Amir Tedjo, Surabaya – The death of a drug suspect during an allegedly brutal interrogation by Sawahan Police on April 1 has cast a light on what human rights groups call the widespread torture and abuse of drug addicts by Indonesian police.
Deny Saputra reportedly collapsed after being beaten and repeatedly electrocuted with a stun gun at a police station in Surabaya's Sawahan subdistrict on April 1. The man's friend Decky Angga Setiawan said he was subjected to similar abuse as police officers tortured eight suspects detained after testing positive for crystal methamphetamine use.
"We were electrocuted with a stun gun on our back and neck," Decky told the Jakarta Globe from his jail cell in Surabaya's Medaeng Prison. "Denny collapsed and died. It happened at 2 a.m. on April 2. Afterward, the police stopped the torture."
Sawahan Police have denied the allegations, pointing to the results of an official autopsy listing the cause of death as complications resulting from an unspecified illness. The officers involved have been questioned and cleared by the internal affairs department, Sawahan Police chief Comr. Manang Soebeti said.

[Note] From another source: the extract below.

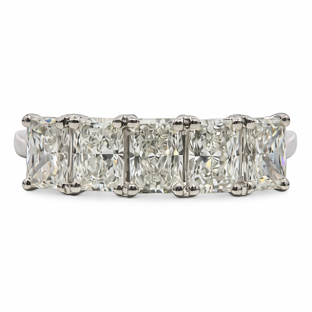 A brand-new, unused, GIA-certified natural diamond five-stone eternity ring, with five radiant-cut diamonds, set in platinum.

"Deny died because he was ill," Manang said. "The investigation of the police internal affairs division has refuted the suspect's claims. It is his right to speak. We're ready to be investigated."
A local human rights group has called for an independent autopsy. "If the family allows it, we will demand another autopsy to investigate Deny's cause of death," said Rudhy Wedhasmara, a member of East Java Action, which focuses on the abuse of narcotics suspects.
The organization recorded 26 instances of police torture and abuse of drug suspects in East Java between 2007 and 2011, Rudhy said. The numbers only tell part of the story, he said, explaining that most instances of police abuse go unreported. "That data [suffers from] the iceberg phenomenon," Rudhy said. "Most drug addicts were abused by the officers, but only a few reveal it."
Amnesty International documented several allegations of torture and abuse in their most recent report, writing that "police were repeatedly accused of human rights violations, including excessive use of force and firearms, and torture and other ill-treatment."
Allegations of torture are rarely investigated and the few cases brought to court often fail to bring those responsible to justice, Amnesty International continued.
"Internal and external police accountability mechanisms failed to adequately deal with cases of abuses committed by police, and investigations into human rights violations were rare," the report read.
When the cases are brought to trial, the state rarely takes full responsibility for the actions of police and security forces, a separate report by the Asian Human Rights Commission found.
The Hong Kong-based organization investigated 40 instances of "torture, custodial death and extrajudicial killings from period 2005 to present," and determined that while "there is progress in prosecution of cases... the State continuously denies taking full responsibility for them."
Recently, immigration officers were accused of abusing children at Indonesian detention centers by the New York-based Human Rights Watch in a report titled "Barely Surviving: Detention, Abuse, Neglect of Migrant Children in Indonesia."
Human Rights Watch interviewed more than 100 detainees, recording claims "that guards tied up or gagged detainees, beat them with sticks, burned them with cigarettes and administered electric shocks."
Herawan Sukoaji, deputy spokesman at the immigration directorate general, denied the claims, calling the report "imbalanced."